A public library’s compensation strategy should not be a stand-alone resolution or isolated policy. Signs of it should be seen in budgets, annual reports, committee work, and reports to the community—all signs that a library is thinking about how to nurture its most important resource: people.

Which brings us to the member’s question: “Can you also speak to the potential downsides of choosing to pay less than the NYS minimum wage and minimum exempt salary if you discover you are allowed to do so?”

Yes, I can, and my answer is rooted in what can happen when a public library makes decisions about compensation strategy based on a “how low can we go?” approach, rather than the above-listed factors.

We won’t get into all the downsides, but here are the legal risks posed by paying as little as you can legally get away with:

1. Discrimination claims

When people are not paid what they are demonstrably worth, there is an elevated risk that they will have a credible claim that their underpayment in comparison to others is the result of illegal discrimination.

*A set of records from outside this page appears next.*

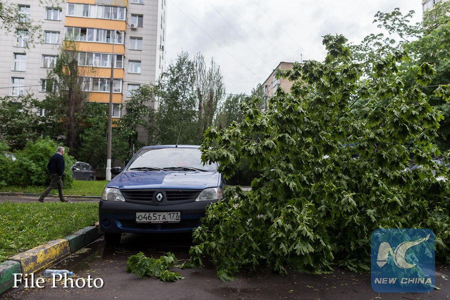 The fallen branches of trees are seen by a car after a storm in Moscow, Russia, on May 29, 2017. (Xinhua/Evgeny Sinitsyn)
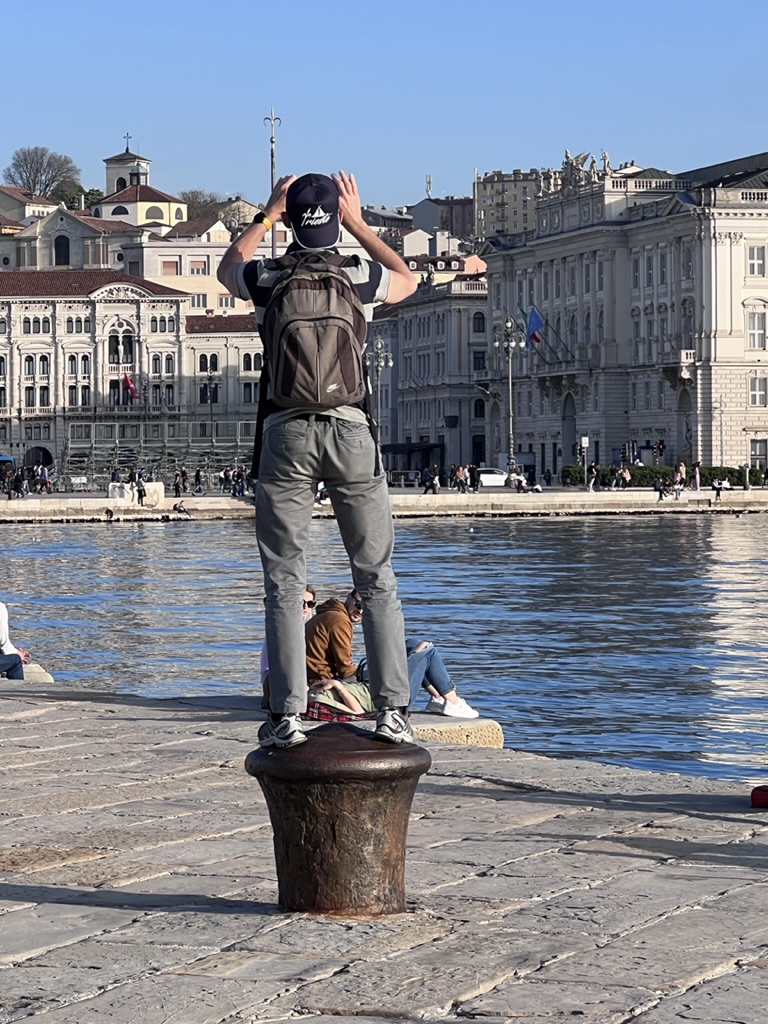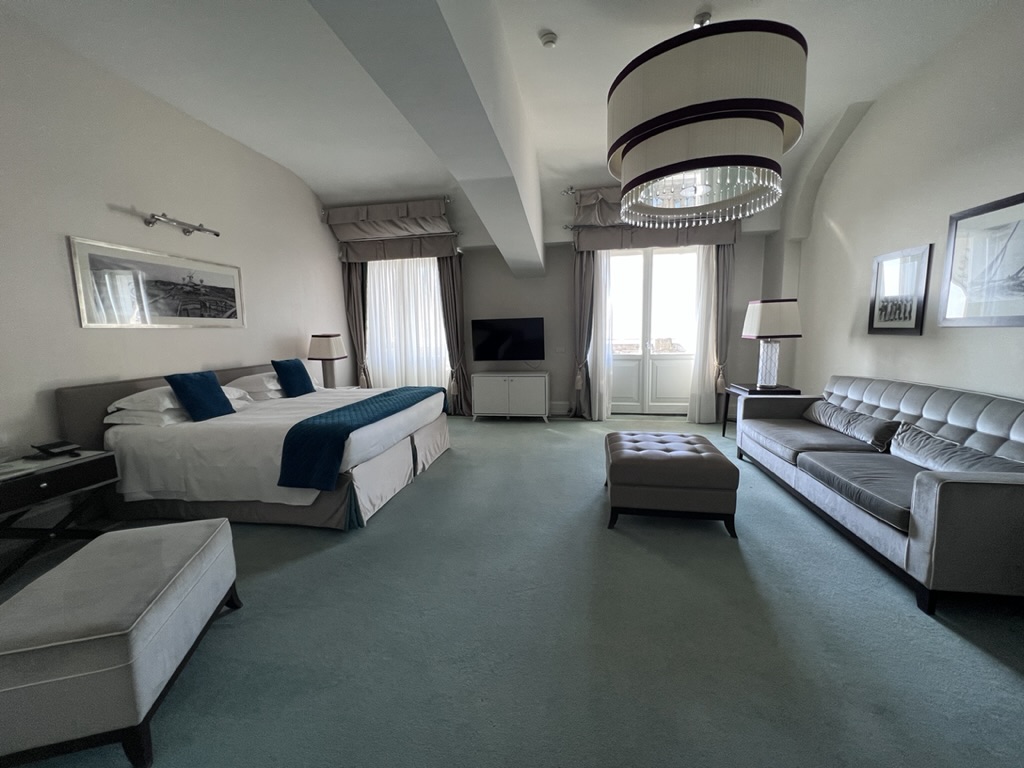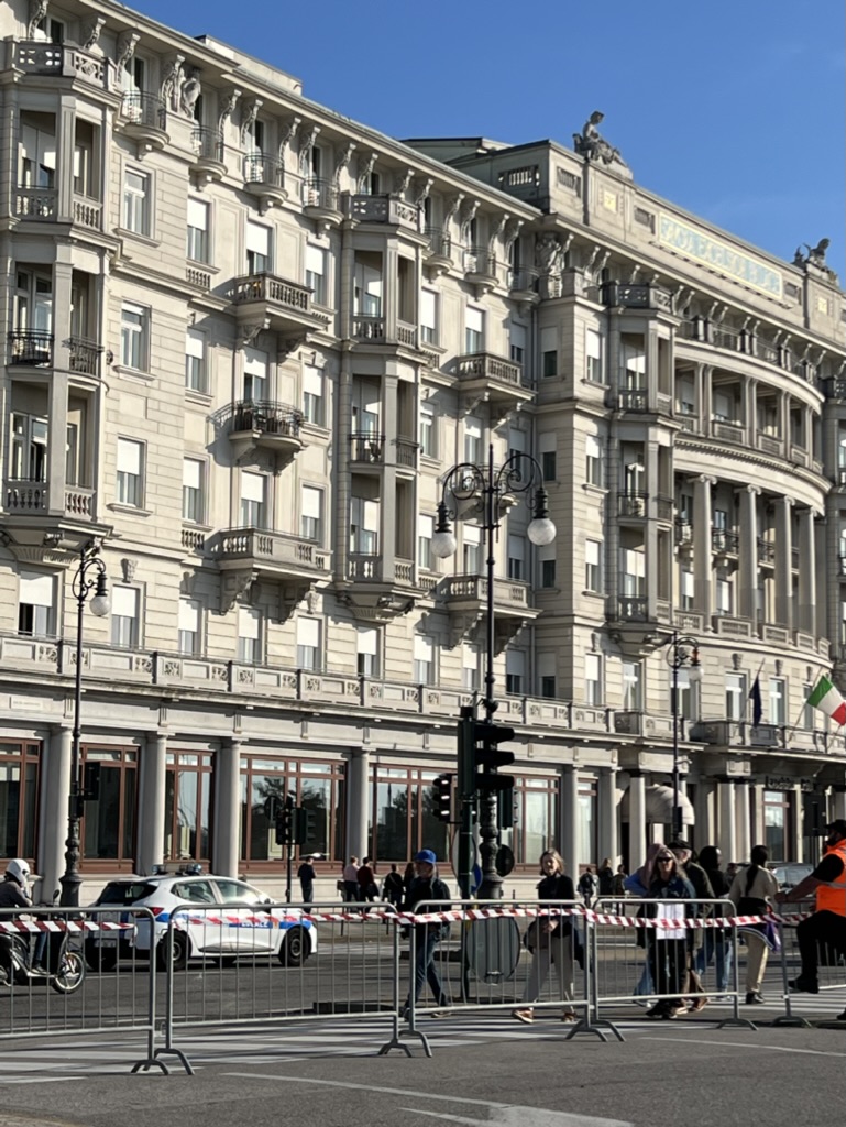 We are at the Savoia Excelsior Palace… which is like the antithesis of all the hotels we’ve been at on this trip. It’s super elegant; the building is more than a century old; it’s on the big side; our room is about 600 sq feet and we have a “luggage room” inside our room which Mike says is the size of the cabins he’s been designing for the homeless. It’s located in the prime spot in Trieste, and our room has two balconies. Ok.. the lap of luxury. Not sure how we got this room; I think we got upgraded for some reason… or maybe they upgraded us…not complaining.
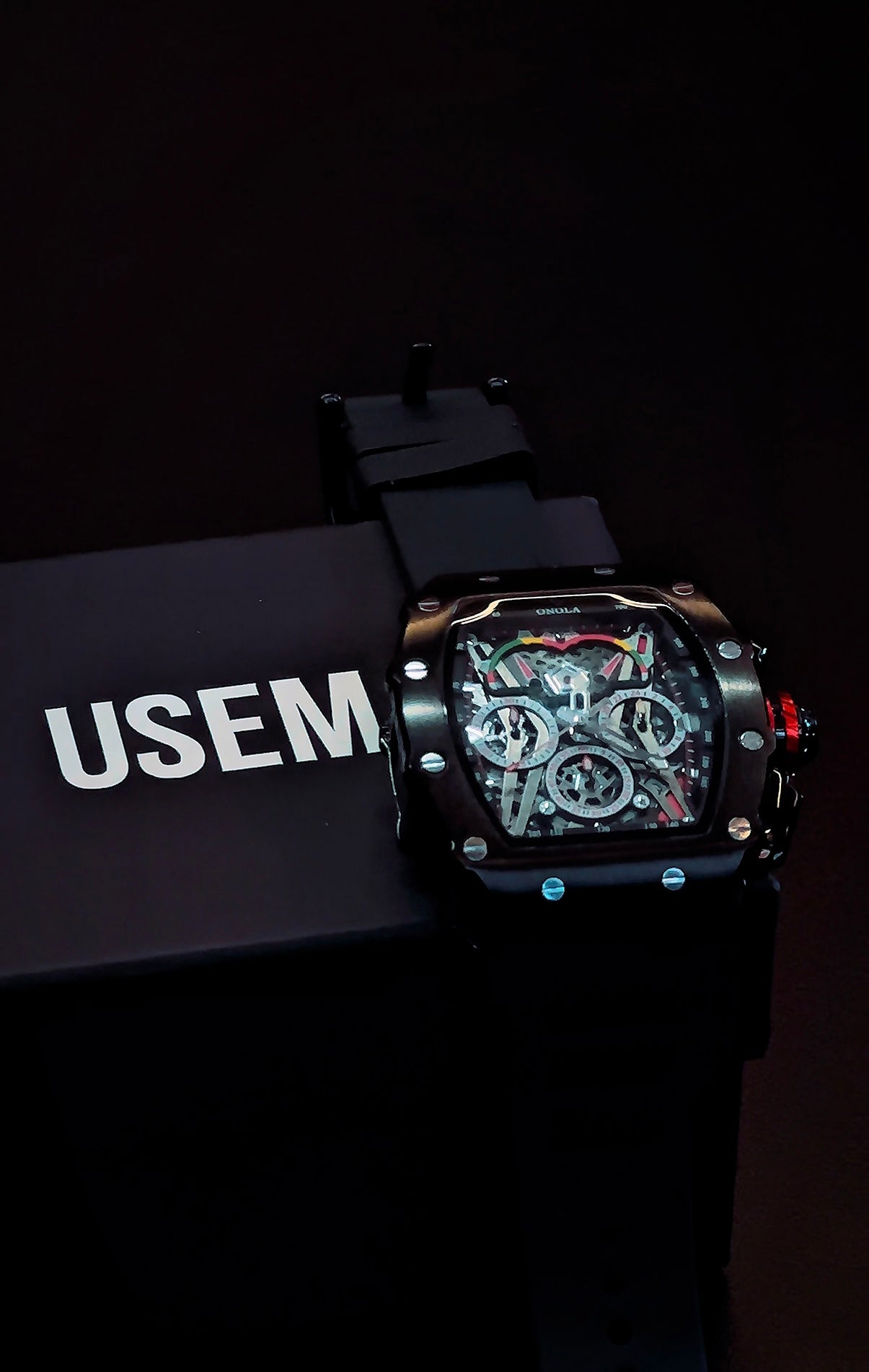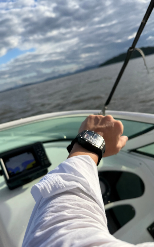 Linhas fortes, textura leve e sensação sólida no pulso. Visual esportivo sem perder sofisticação.
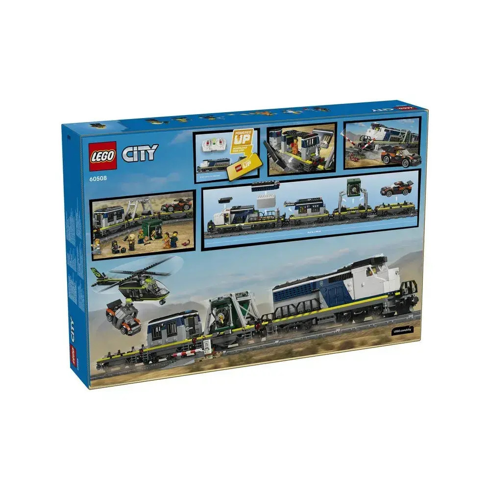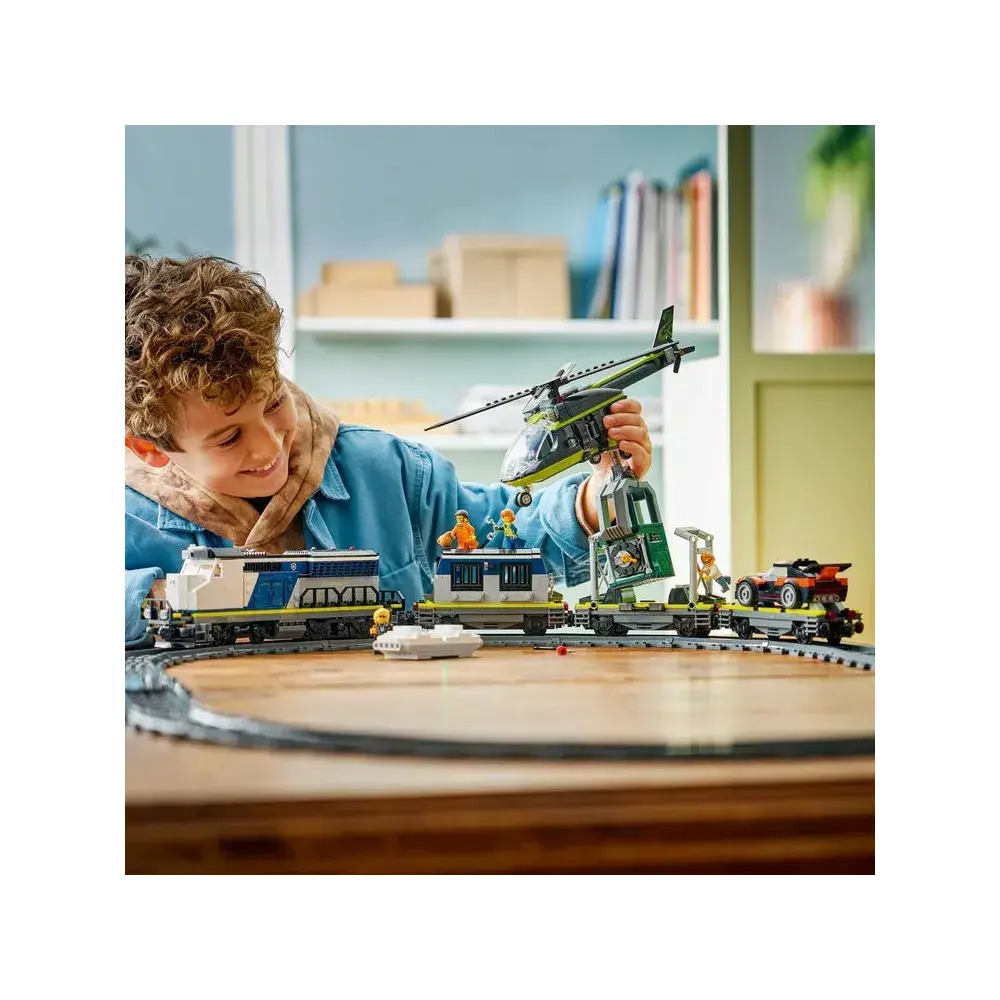 Επιβιβαστείτε για ασταμάτητη δράση με το σετ παιχνιδιού LEGO City Police Train Heist (60508) για ηλικίες 7 ετών και άνω. Αυτό το ηλεκτρικό τρένο Powered Up για παιδιά περιλαμβάνει μια λειτουργική μηχανή τρένου και 3 επίπεδες φορτάμαξες που μεταφέρουν ένα κελί φυλακής, ένα χρηματοκιβώτιο τράπεζας και ένα αγωνιστικό αυτοκίνητο. Το σετ περιλαμβάνει μια οβάλ σιδηροδρομική τροχιά, μια διασταύρωση και ένα κομμάτι τροχιάς για την επαναφορά του τρένου στις ράγες. Απλώς προσθέστε το μοντέλο ελικοπτέρου με τη λειτουργική αρπάγη και τις μίνι φιγούρες ντετέκτιβ, αστυνομικού, μηχανοδηγού και 3 κακοποιών για ευρηματικές περιπέτειες με ληστείες τρένου. Αυτό το σετ τρένου είναι υπέροχη έκπληξη ή δώρο γενεθλίων για 7χρονα αγόρια και κορίτσια που λατρεύουν τα μοντέλα τρένων και τις LEGO κατασκευές. Προσθέστε αυτό το σετ σε άλλα (πωλούνται χωριστά) από τη σειρά LEGO City για περισσότερες συναρπαστικές περιπέτειες. Με αυτό το σετ παιχνιδιού τρένου LEGO City με αστυνομικό τρένο, τα παιδιά μπορούν να απολαύσουν μια απλή κατασκευή στην εφαρμογή LEGO Builder, ζουμάροντας και περιστρέφοντας με 3D οδηγίες, και αποθηκεύοντας και παρακολουθώντας την πρόοδο ενώ κατασκευάζουν. Το σετ περιέχει 1.313 τεμάχια.

2. Only otherwise affluent people will be able to work at such a library

If someone can’t make a living wage[1] working at a library, only people who have another source of income will be able to work there. This means working at that library will be off-limits to any person who has been impacted by poverty, creating evidence that could support claims for risk #1, above, and for every other reason on this list.

3. Not aligning with industry standards

Many organizations track employment data[2] to show what the baseline compensation is in different regions, by profession, at different-sized institutions. Having a number that significantly departs from the average can be a factor in every other item on this list, as well as many non-legal concerns such as morale, reputation, and strategic planning.

4. Trouble recruiting and retaining qualified employees

A library is just a room full of books without its employees. If compensation does not attract, retain, and develop a workforce that can achieve the objectives in the strategic plan, budget, or annual report to the community, the board is engineering future failure.[3]

5. Diminished ability to forge relationships with community partners and external funding sources

Other not-for-profit organizations know how to read budgets, and they know the difference between frugality and parsimony.[4] Public libraries who are demonstrably choosing to reduce investment in their workforce impede their own ability to partner with mission-aligned groups and undercut their ability to attract external funding. After all, if an organization doesn’t believe in itself, why should an external partner invest in it?

6. Ongoing impacts

Once a public institution establishes a willingness to reduce itself to the bare minimum, even its allies and advocates will have a tough time arguing for more.

I say this, knowing (and having seen firsthand) that library boards face ENORMOUS pressures to cut budgets whenever they can. And—from the perspective of good governance—they should.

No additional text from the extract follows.